Sometimes the leaching of coloration proclaims a dead or dying wine. But it was immediately apparent from the clean, yet smoky, bright, powerful fragrance of this wine that it was vastly, almost pugnaciously (as it punched one’s nose) alive.
It was equally aggressive on the palate — tart, pleasantly biting (but not stinging), dancing over the tongue and between the teeth (when being oxygenated with the intake of breath and then, to some people annoying, shlupping sound of wine being coaxed out of its raiment).
The Cabernet Franc was served that evening with Bourbon-Marinated Roast Pork (aka “Not for the Common People”), one of the three wines I’d suggested as pairings for that recipe in Dinner for Eight: 40 Great Dinner Party Menus for Friends and Family (2005). (The other two were Gewürztraminer and Riesling Spätlese, to give some idea of the slot into which one might attempt to slip a Cabernet Franc.)
That dish is accompanied by a white sauce whose predominant sense (which is more than flavor) comes from very hot dry mustard. The Cabernet Franc didn’t bend, let alone break.
What did break during that meal was another Cabernet Franc: 2005 Chinon Les Mureaux by Jean Dumont. Lesson learned. (In this case, not every Cabernet Franc is going to work with that dish.)
The next day it was drunk at lunch with leftover Chinese food (our usual bash and mash of pork, chicken, beef, tofu — separate dishes, I mean, all Szechuan but not all extra spicy). There was no diminishment of power in the wine, though there was a slight increase in elegance. It’s not that there were tannins to burn off — there were none apparent — but that the wine clearly needed a bit of time (oxygen) to continue to open up. This is a good sign for its ability to age further (if one happens to have the 2002 Shalestone lying around; I wish I did).
Days 3-6. Little tastes of the wine with the remains of the afore-consumed pork and other food too varied or unimpressive to mention. It was as if I was challenging a wine that looked half-dead a week before to give up and die before I did.
On the 7th day there was no further fading of the color. In fact, there was a kind of contradictory intensification of the red. If the wine had been an old person going into the gym, it was walking out of the gym looking at the very least as if it had been in the tanning booth after a long ride on an elliptical.
There was also, this late in the game, only the slightest hint of oxidation, which is remarkable for a Finger Lakes red from a grape not known for its power over time-since-uncorking.
On its final day, the wine was finished up with some steak au poivre (cooked in an Armagnac 25 ans, which, for those with label envy, actually means very little).
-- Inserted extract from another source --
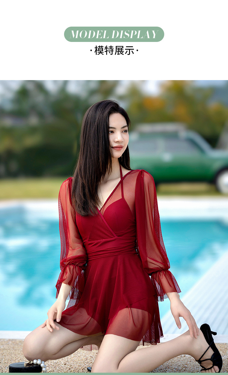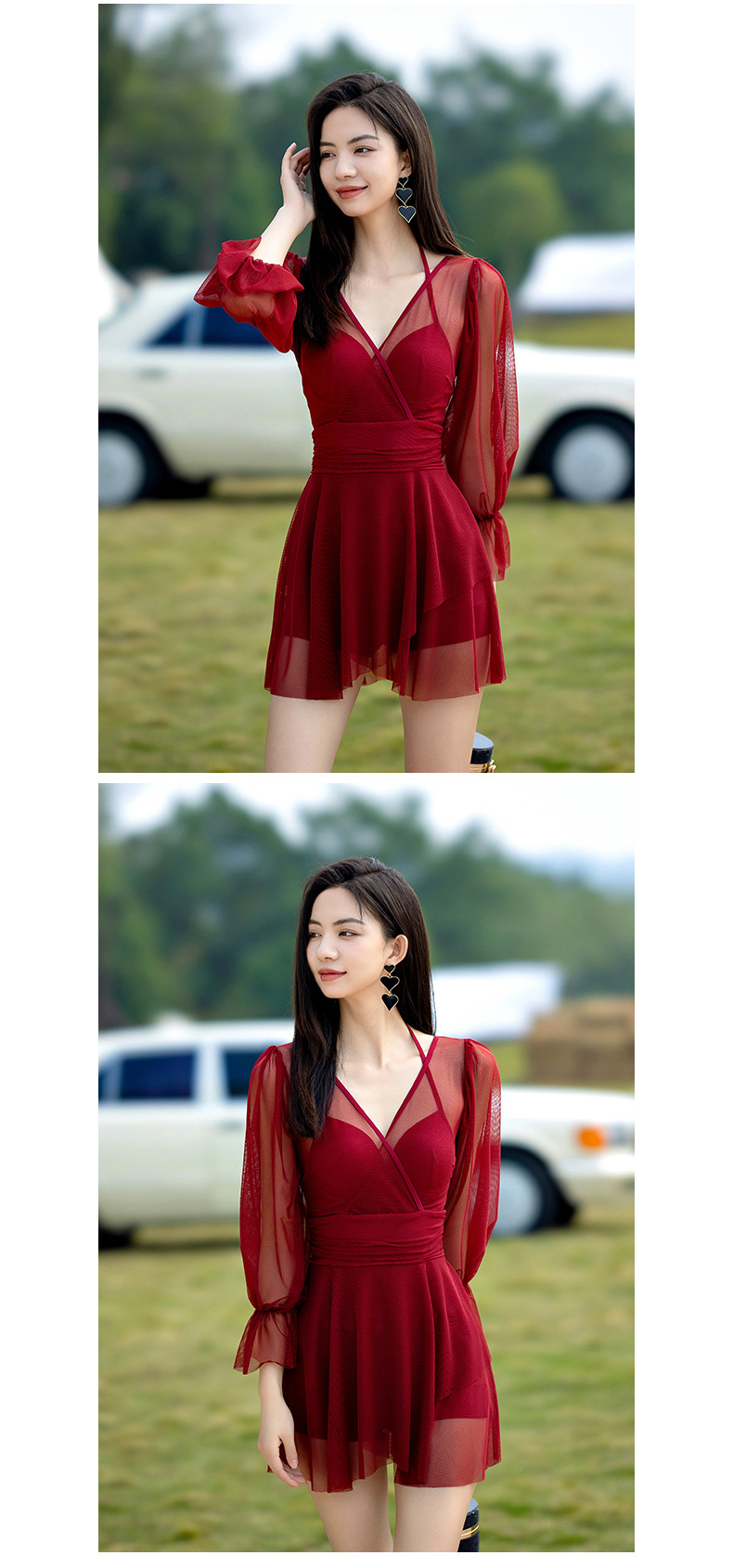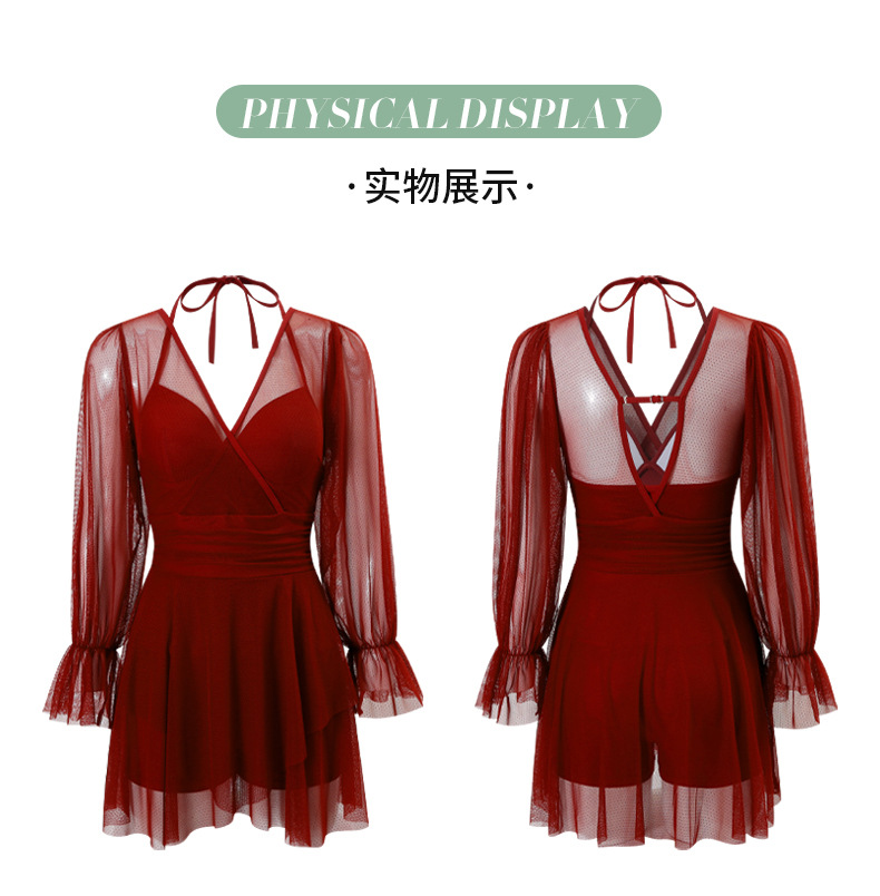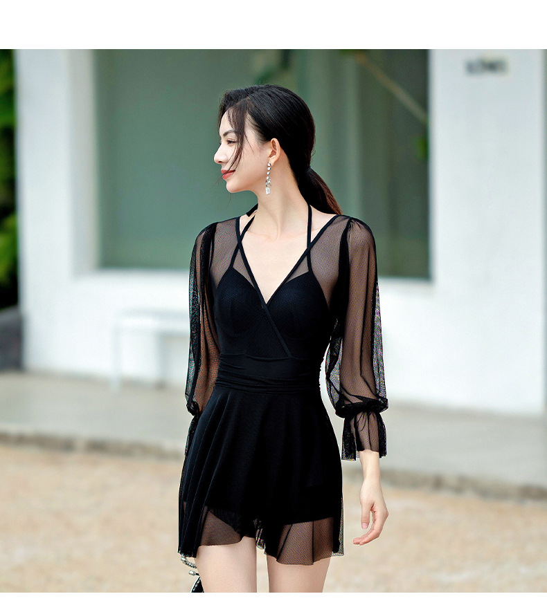 수영복 여성용 하이 웨이스트 배꼽 덮기 슬리밍 긴팔 원피스 수영복 여성용 여름 새로운 한국 스타일 보수적 인 해변 휴가 수영복스토어 가기

It must have amazing acidity, because it was now (nearly) as fresh as when it had been opened over a week (9 days, actually) before.
It said goodbye by depositing a beautiful slab of sediment across the bottom and up the sides of my large wine glass. I was tempted to save it (the sediment) and lick at it over the next couple of days. I didn’t (no saving, so no licking). But at least I have the glorious memory, hereby passed along, of the unexpectedly glorious wine it graced with its presence and its farewell.